In a previous article, we discussed that sexism is a form of prejudice, just as racism is.  In the last article, we discussed Prevention of Sexual Harassment at work: What’s OK, What’s Not OK? We listed workplace behavior that is acceptable, and behavior that crosses the line. However, the line is confusing, and several readers wrote to say the guidelines are unclear and therefore unfair to those who would like to do the right thing. Their comments follow.
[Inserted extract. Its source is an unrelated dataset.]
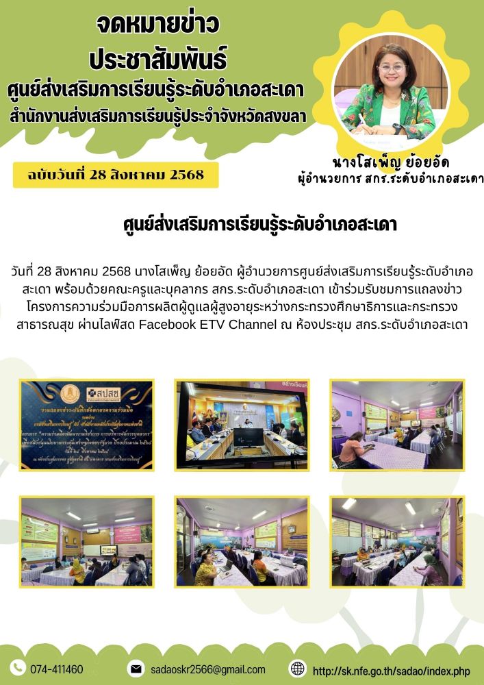 ศูนย์ส่งเสริมการเรียนรู้ระดับอำเภอสะเดา ข้าร่วมรับชมการแถลงข่าวโครงการความร่วมมือการผลิตผู้ดูแลผู้สูงอายุระหว่างกระทรวงศึกษาธิการและกระทรวงสาธารณสุข ผ่านไลฟ์สด Facebook ETV Channel
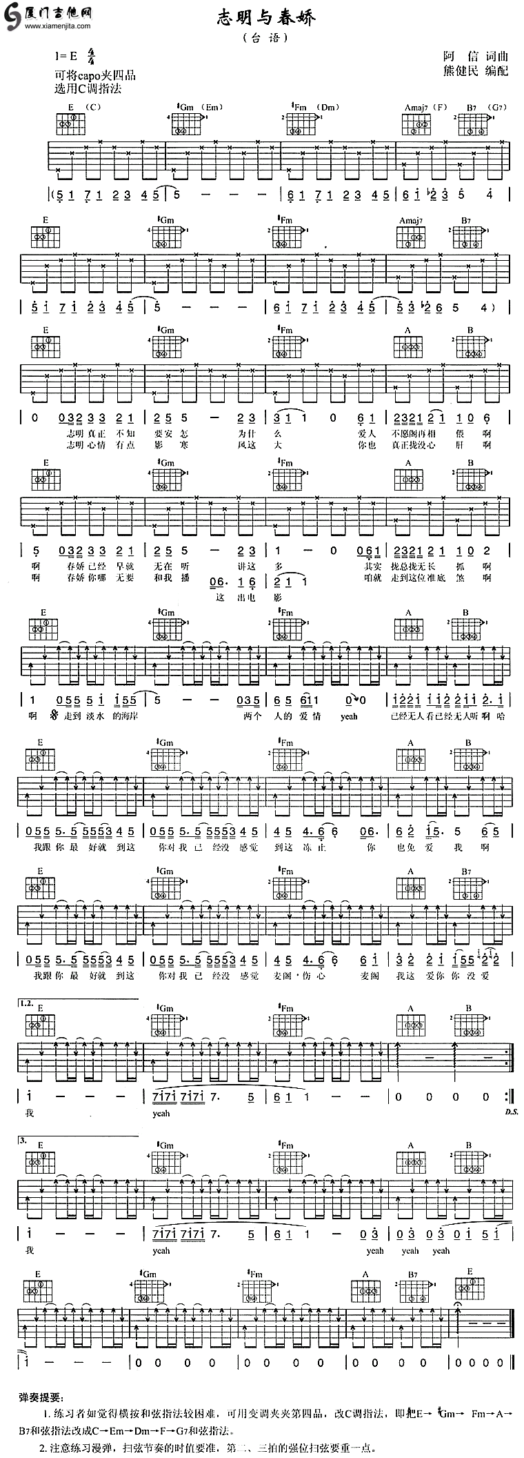 (臺語)志明與春嬌(五月天) 六線譜/簡譜/歌詞/歌譜

 “OK! I get there are rules that can guide workplace behavior. But, it is mystifying to me about the gradation of severity of inappropriate actions and their consequences. So, how is it calculated among President Bush Sr.’s pat on the fanny, Senator Franken forcing non-wanted kisses on colleagues, and Weinstein exposing himself to non-consenting women? These actions simply don’t equate to me in terms of intensity, and therefore in equal punishment. Solutions?”

“I admit I am a fan of Senator Franken, and I still think he got a raw deal having to resign as compared to the really egregious behavior by many of the other men. Isn’t there a penance that people can do? Everyone should have the opportunity to learn and change.”

In response to these comments, it is often challenging to decide where the line is drawn on different types of behavior.

Red Light, Yellow Light, Green Light

To address this issue, the U.S. Navy in 1993 defined sexual harassment using colors to group acceptable and non-acceptable conduct by using an analogy to a “Traffic Light.” The Navy uses a different framework now, but this analogy works for the lay person.  

“Red Light” behavior simply must not occur in the workplace at all; should never happen in the workplace. Such behavior that is always unacceptable includes sexually explicit visual displays, unwanted touching of a clearly sexual nature, or a supervisor basing job-related actions on an employee’s agreement to provide sexual favors.  

“Yellow Light” means cautionThis behavior is questionable in the workplace and should be monitored very carefully. This is behavior that involves race, color, religion, sex, national origin, age, disability, genetic information or medical information, or sexual orientation. Examples include gender-related jokes, sexist comments or remarks, physical behavior, or visual displays that involve sexual innuendo.  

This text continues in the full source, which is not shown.